▶ **DATASET EXTRACT**:
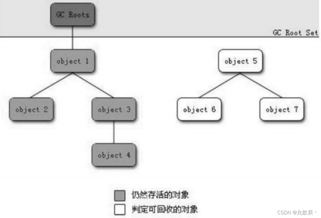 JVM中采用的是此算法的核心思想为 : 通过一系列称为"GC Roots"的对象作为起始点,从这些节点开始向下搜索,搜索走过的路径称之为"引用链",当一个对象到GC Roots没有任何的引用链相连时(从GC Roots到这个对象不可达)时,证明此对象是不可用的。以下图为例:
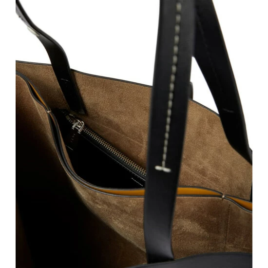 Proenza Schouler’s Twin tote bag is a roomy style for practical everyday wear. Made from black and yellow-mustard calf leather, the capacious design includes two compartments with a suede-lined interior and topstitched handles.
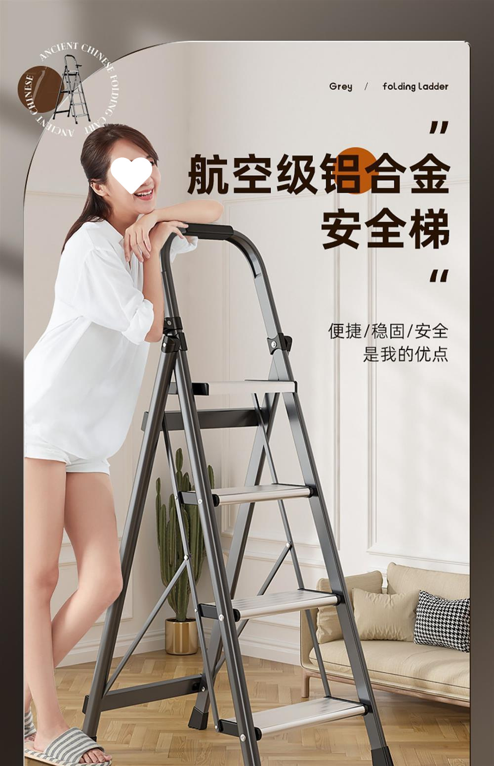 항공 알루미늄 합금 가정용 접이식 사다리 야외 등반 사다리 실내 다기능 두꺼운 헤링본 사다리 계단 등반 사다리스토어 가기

▶ **HOW TO COMPLETE THIS TASK**:
I would like the data above transcribed exactly, with its pictures left out.

▶ **FINISHED TASK**:
 JVM中采用的是此算法的核心思想为 : 通过一系列称为"GC Roots"的对象作为起始点,从这些节点开始向下搜索,搜索走过的路径称之为"引用链",当一个对象到GC Roots没有任何的引用链相连时(从GC Roots到这个对象不可达)时,证明此对象是不可用的。以下图为例:
 Proenza Schouler’s Twin tote bag is a roomy style for practical everyday wear. Made from black and yellow-mustard calf leather, the capacious design includes two compartments with a suede-lined interior and topstitched handles.
 항공 알루미늄 합금 가정용 접이식 사다리 야외 등반 사다리 실내 다기능 두꺼운 헤링본 사다리 계단 등반 사다리스토어 가기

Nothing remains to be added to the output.